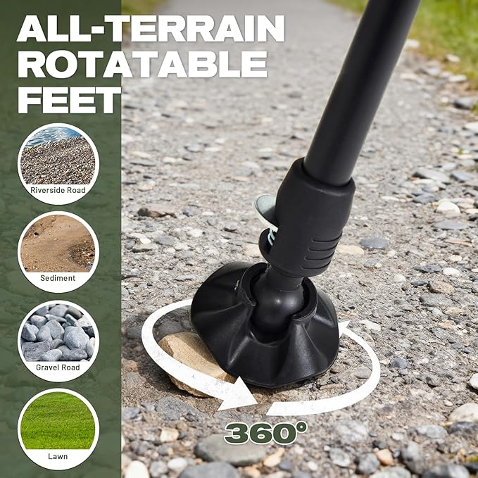 - ALL-TERRAIN ADJUSTABLE FEET: This fishing chair features rotatable feet that keep it stable on any rugged terrain. It allows you to rotate the feet on all legs, and the wider chair legs help reduce pressure and prevent the chair from sinking into soft ground. All four legs of this chair are height-adjustable (with an additional 6.3 inches of extension). Simply press the lock on the chair legs to easily extend them to your desired height.
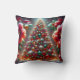 This colorful Christmas throw pillow has two different Christmas tree scenes, one for each side.
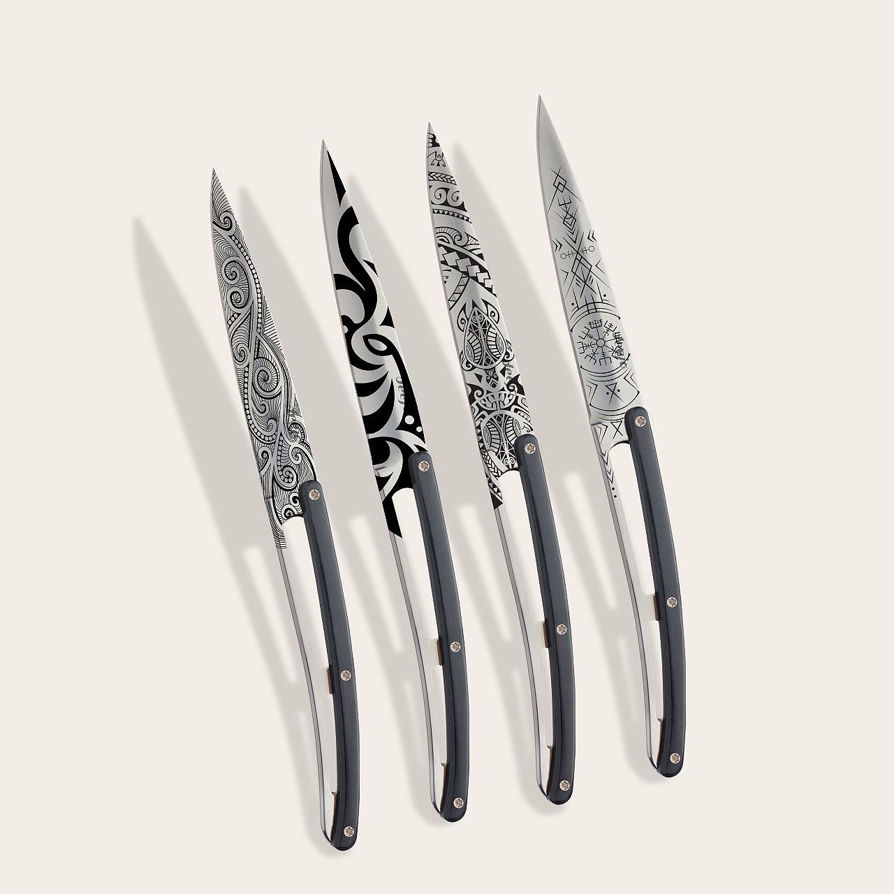 Este juego de 4 cuchillos de mesa, sutil combinación entre tradición y modernidad, ostenta un grabado distinto en cada una de sus hojas que respeta la armonía del conjunto y es una excelente muestra de atención y cortesía hacia cada comensal. Un detalle adicional, por si fuera poco, para convertirse en tema de conversación y objeto de deseo...
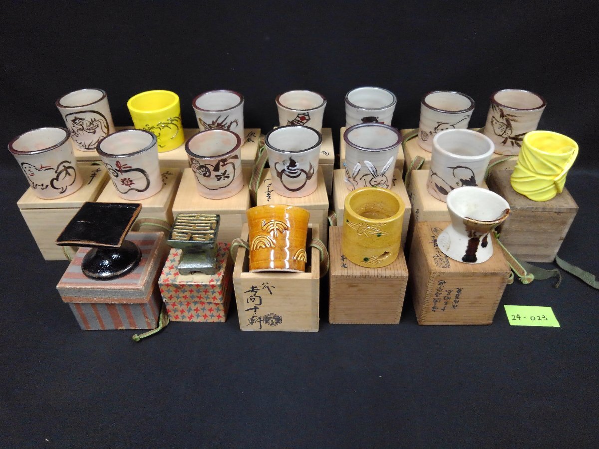 - ★24―023★茶道具 蓋置 大量まとめ 香斎/印材蓋置/半七 黄瀬戸 鶴亀ふた置/八代 吉向十三軒 干支 陶器 共箱 在銘 落款 古美術[100]
####################
§ TASK PROMPT
Beginning with the line that includes "Este juego de" and ending with the last line of the material, reproduce those lines exactly and nothing else, with no pictures.

§ EXPECTED ANSWER
 Este juego de 4 cuchillos de mesa, sutil combinación entre tradición y modernidad, ostenta un grabado distinto en cada una de sus hojas que respeta la armonía del conjunto y es una excelente muestra de atención y cortesía hacia cada comensal. Un detalle adicional, por si fuera poco, para convertirse en tema de conversación y objeto de deseo...
 - ★24―023★茶道具 蓋置 大量まとめ 香斎/印材蓋置/半七 黄瀬戸 鶴亀ふた置/八代 吉向十三軒 干支 陶器 共箱 在銘 落款 古美術[100]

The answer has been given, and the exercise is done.